In 1992, @WMurphyLaw, aka the Goddaughter of Title IX, founded the first organization in the nation to provide pro bono legal services to crime victims. #inspirationalwomen

Called the “Goddaughter of Title IX” for her groundbreaking work including victories against Harvard College in 2002, Harvard Law School and Princeton University in 2010. The cases led to widespread awareness of sexual assault on campus.

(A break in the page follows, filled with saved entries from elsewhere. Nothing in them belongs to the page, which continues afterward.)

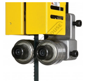
Ball Bearing Blade Guide
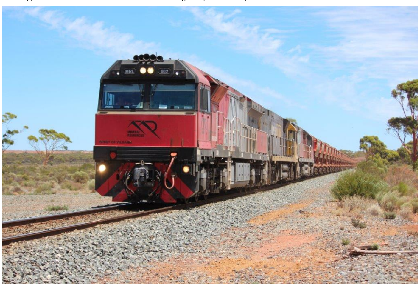
MRL002, NR94 & MRL004 haul 1033 loaded ore between Binduli and Hampton, 3<sup>rd</sup> February.
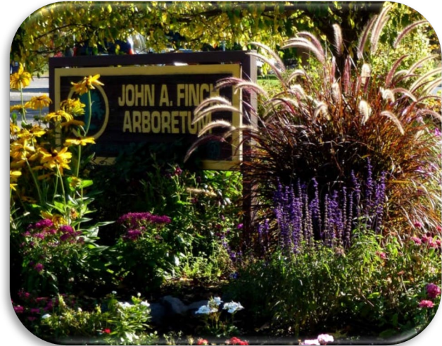
A photo of the gardens at John A. Finch Arboretum in the West Hills neighborhood.
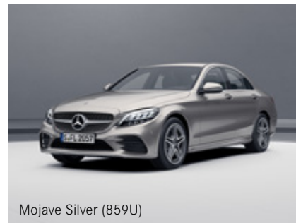
Mojave Silver (859U)
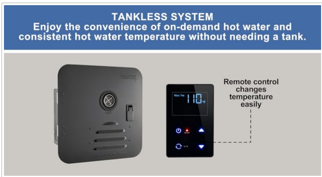
Figure 5: Tankless System Operation. This image demonstrates how the remote control interacts with the tankless water heater to easily adjust temperature settings, highlighting the on-demand hot water feature.

The unit features a low water flow startup, ensuring efficient operation even with minimal water demand. Electronic gas modulation technology maintains a consistent hot water temperature.
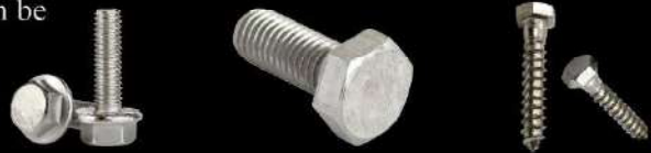
Hex Flange Bolt Hex Head Bolt Hex Wood Screw
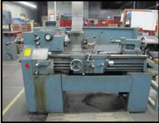
LE BLOND REGAL 17" ENGINE LATHE W/ SERVO SHIFT
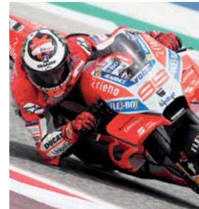
If Lorenzo keeps struggling in MotoGP, we could see him racing in British Superbikes

Six world championships already and he's got loads of time yet. But that move to another manufacturer will have to come eventually. Nobody likes the same person winning every year on the same bike.
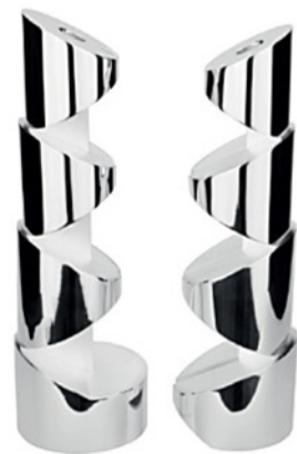
Above: Trenza candlesticks, sterling silver, 14in (36cm) high, limited edition of eight pieces, by Juan and Paloma Garrido, £20,000 from Garrido Gallery at PAD .

Here are some stats: 62 exhibitors, all European with a couple from the USA and
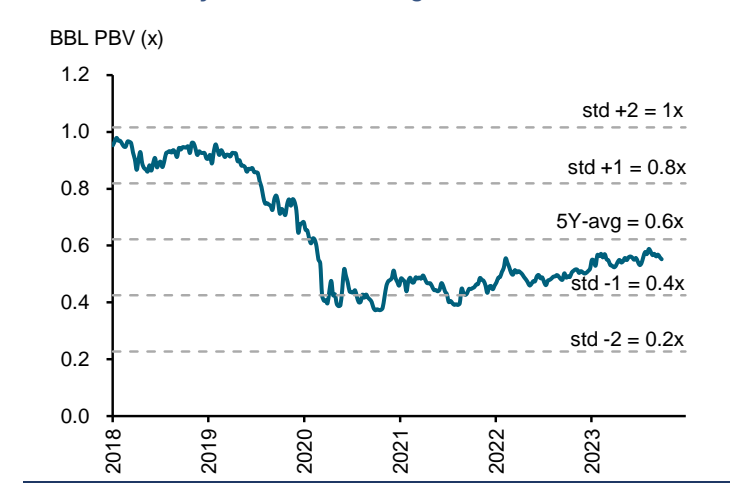
Exhibit 4: One-year forward rolling P/BV
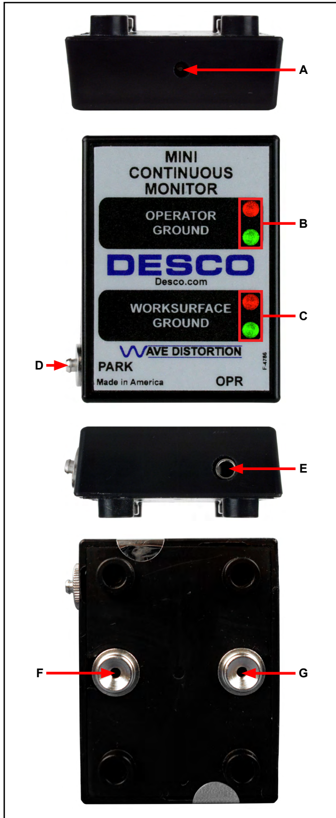
Figure 4. Mini Monitor features and components

A. Power Jack: Connect the included 24VDC power adapter here.
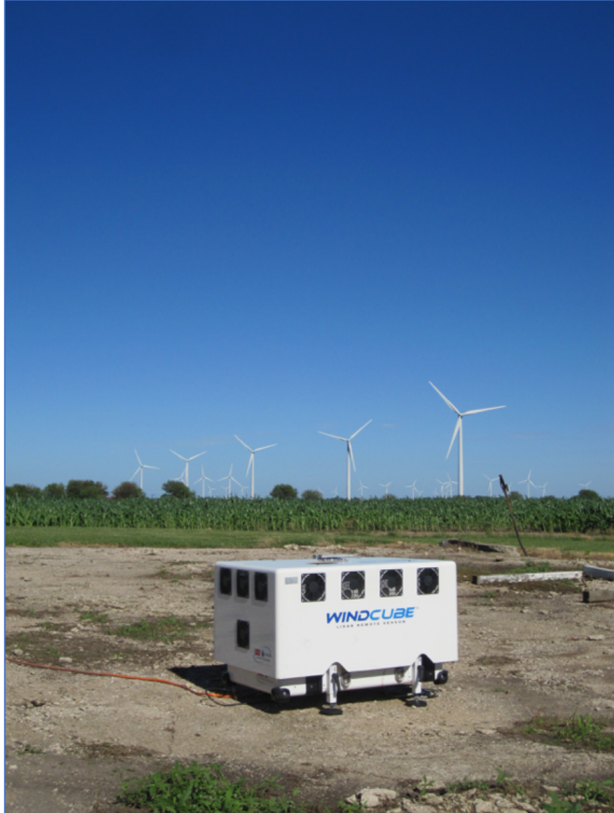
Figure S3: WC-3 looking to SE.

Murphy used Title IX to initiate first-ever legal action at the Department of Education against Harvard after the college instituted a new policy requiring sexual assault victims to produce “sufficient independent corroboration” before a rape allegation would be accepted for resolution under the school’s disciplinary proceedings. The case forced Harvard to rescind the policy.

The cases led to the issuance of the Department of Education’s April 2011 “Dear Colleague Letter,” which provided unprecedented clarity and guidance regarding the obligation of schools to respond to reports of sexual violence on campus promptly, equitably and effectively.

“Title IX is a beautiful law that is very clear and extremely powerful, It protects against discrimination,” says Murphy, an adjunct professor of sexual violence law at New England Law for the past 15 years and where she also serves as co-director of the Women’s and Children’s Advocacy Project under the Center for  Law and Social Responsibility.

She was a visiting scholar at Harvard Law School in 2002 when she brought the law suit against Harvard, where she says, “women were disproportionately suffering harm with these blatant acts of discrimination.”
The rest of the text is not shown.